判别器的输出大小为[𝑏, 1],类内部没有使用 Sigmoid 激活函数,通过 Sigmoid 激活函数后可获得𝑏个样本属于真实样本的概率
 

三、网络装配与训练

判别网络的训练目标是最大化ℒ(𝐷, 𝐺)函数,使得真实样本预测为真的概率接近于 1,生成样本预测为真的概率接近于 0。将判断器的误差函数实现在 d_loss_fn 函数中, 将所有真实样本标注为 1, 所有生成样本标注为 0,并通过最小化对应的交叉熵损失函数来实现最大化ℒ(𝐷, 𝐺)函数

def celoss_ones(logits):
    # 计算属于与标签1的交叉熵
    y = tf.ones_like(logits)
    loss = keras.losses.binary_crossentropy(y, logits, from_logits=True)
    return tf.reduce_mean(loss)

def celoss_zeros(logits):
    # 计算属于标签0的交叉熵
    y = tf.zeros_like(logits)
    loss = keras.losses.binary_crossentropy(y, logits, from_logits=True)
    return loss

def d_loss_fn(generator, discriminator, batch_z, batch_x, training):
    # 计算判别器的误差函数
    # 采样生成图片
    fake_image = generator(batch_z, training)
    # 判定生成图片
    d_fake_logits = discriminator(fake_image, training)
    # 判断真实图片
    d_real_logits = discriminator(batch_x, training)
    # 真实图片与1之间的误差
    d_loss_real = celoss_ones(d_real_logits)
    # 生成图片与0之间的误差
    d_loss_fake = celoss_zeros(d_fake_logits)
    # 合并误差
    loss = d_loss_fake + d_loss_real
    return loss


def g_loss_fn(generator, discriminator, batch_z, training):
    # 采样生成图片
    fake_image = generator(batch_z, training)
    # 在训练生成网络使,需要迫使生成图片判定为真
    d_fake_logits = discriminator(fake_image, training)
    # 计算生成图片与1之间的误差
    loss = celoss_ones(d_fake_logits)

    return loss

celoss_ones 函数计算当前预测概率与标签 1 之间的交叉熵损失,celoss_zeros 函数计算当前预测概率与标签 0 之间的交叉熵损失
 

生成网络的训练目标是最小化ℒ(𝐷, 𝐺)目标函数,由于真实样本与生成器无关,因此误差函数只需要考虑最小化𝔼𝒛~𝑝𝑧(∙)log (1 - 𝐷𝜃(𝐺𝜙(𝒛)))项即可。可以通过将生成的样本标注为 1,最小化此时的交叉熵误差。需要注意的是,在反向传播误差的过程中,判别器也参与了计算图的构建,但是此阶段只需要更新生成器网络参数,而不更新判别器的网络参数。
 

网络装配:创建生成网络和判别网络,并分别创建对应的优化器和学习率

    generator = Generator()   # 创建生成器
    generator.build(input_shape=(4, z_dim))
    discriminator = Discriminator()  # 创建判别器
    discriminator.build(input_shape=(4, 64, 64, 3))

    # 分别为生成器和判别器创建优化器
    g_optimizer = keras.optimizers.Adam(learning_rate=learning_rate, beta_1=0.5)
    d_optimizer = keras.optimizers.Adam(learning_rate=learning_rate, beta_1=0.5)

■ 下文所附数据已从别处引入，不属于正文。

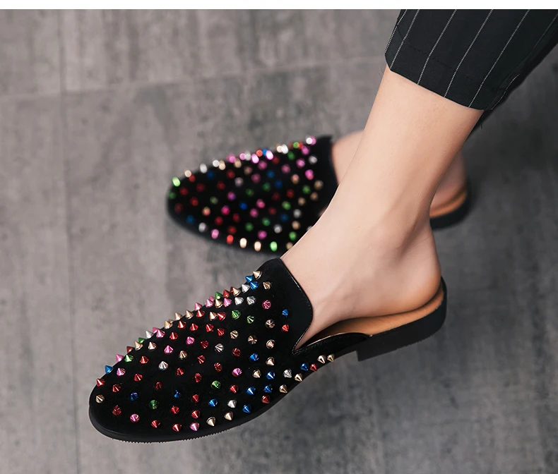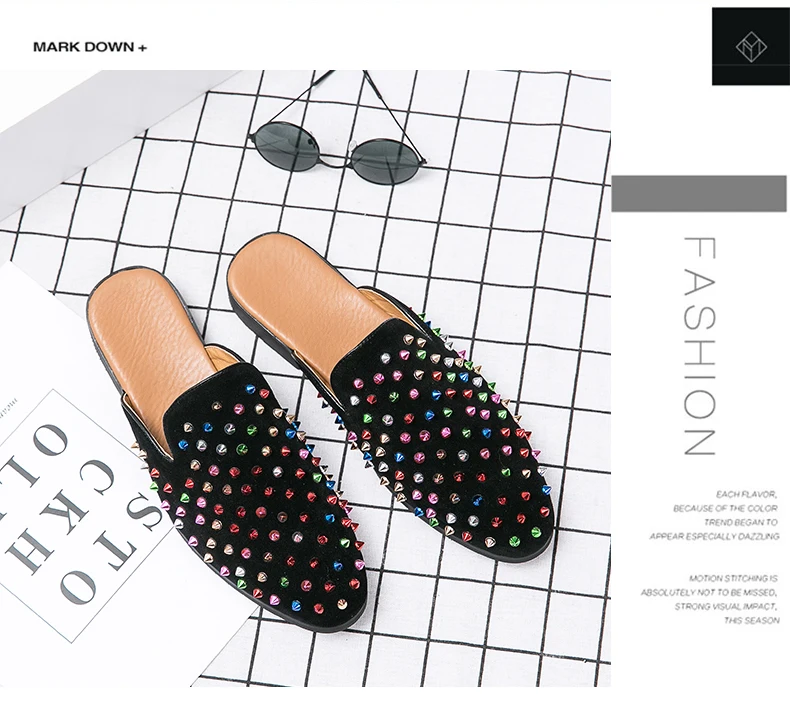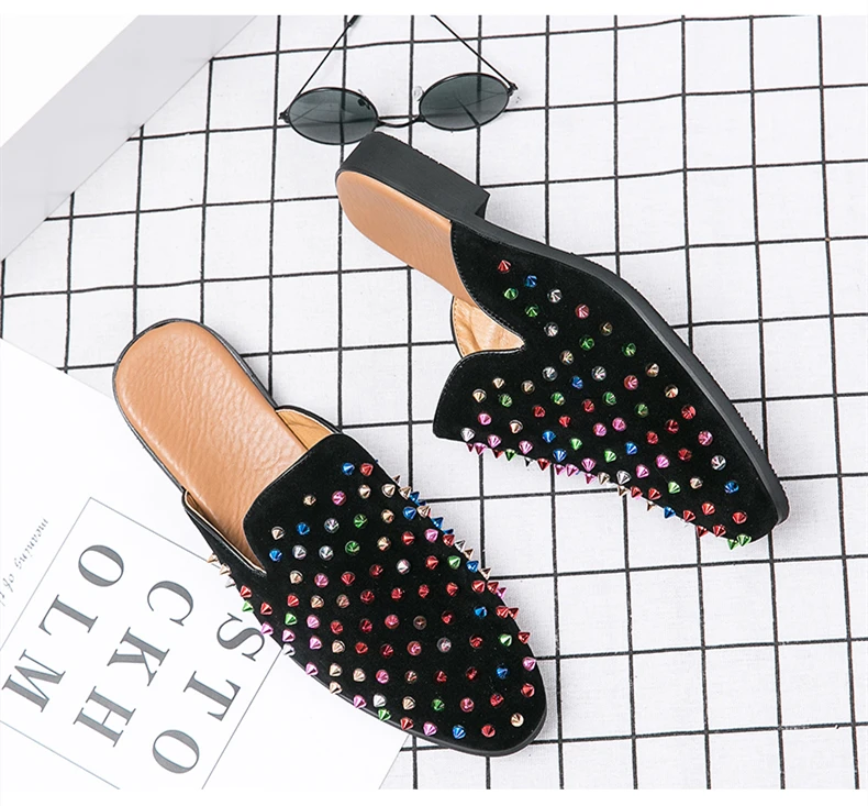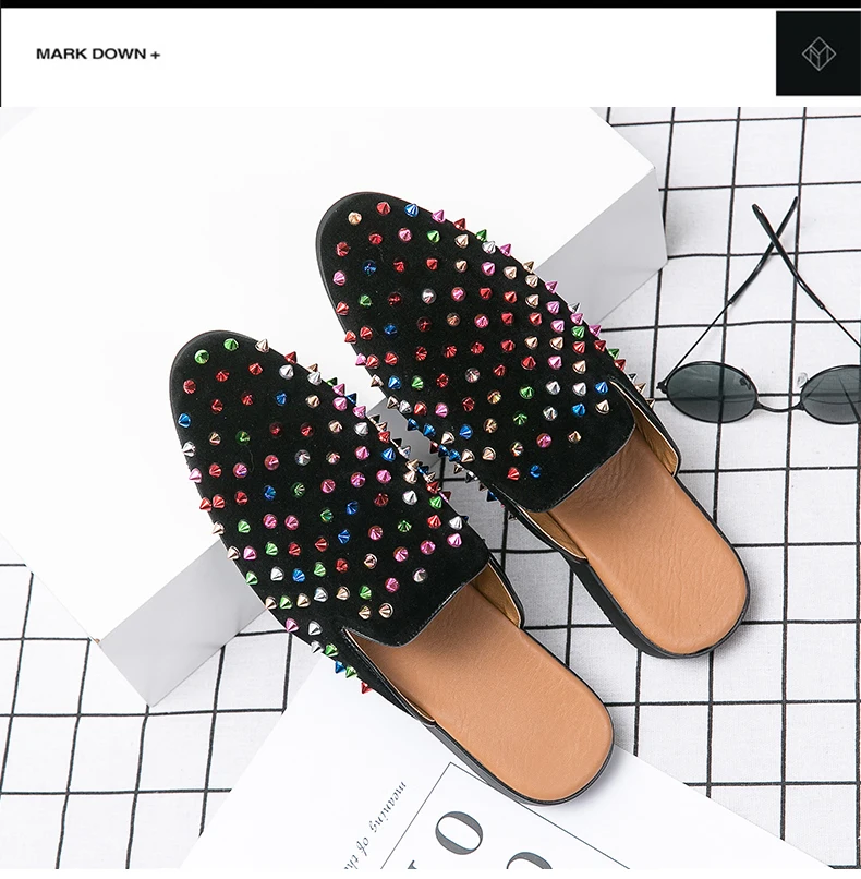 Кожаные туфли YRZL, мужские тапочки, украшение с заклепками, повсед...

在每个 Epoch, 首先从先验分布𝑝 (∙)中随机采样隐藏向量,从真实数据集中随机采样真实图片,通过生成器和判别器计算判别器网络的损失,并优化判别器网络参数𝜃在训练生成器时,需要借助于判别器来计算误差,但是只计算生成器的梯度信息并更新𝜙

    for epoch in range(epochs):   # 训练epochs次
        # 训练判别器
        for _ in range(5):
            # 采样隐藏向量
            batch_z = tf.random.normal([batch_size, z_dim])
            batch_x = next(db_iter)  # 采样真实图片
            # 判别器向前计算
            with tf.GradientTape() as tape:
                d_loss = d_loss_fn(generator, discriminator, batch_z, batch_x, training)
            grads = tape.gradient(d_loss, discriminator.trainable_variables)
            d_optimizer.apply_gradients(zip(grads, discriminator.trainable_variables))

            # 采样隐藏向量
            batch_z = tf.random.normal([batch_size, z_dim])
            batch_x = next(db_iter)  # 采样真实图片
            # 生成器向前计算
            with tf.GradientTape() as tape:
                g_loss = g_loss_fn(generator, discriminator, batch_z, training)
            grads = tape.gradient(g_loss, generator.trainable_variables)
            g_optimizer.apply_gradients(zip(grads, generator.trainable_variables))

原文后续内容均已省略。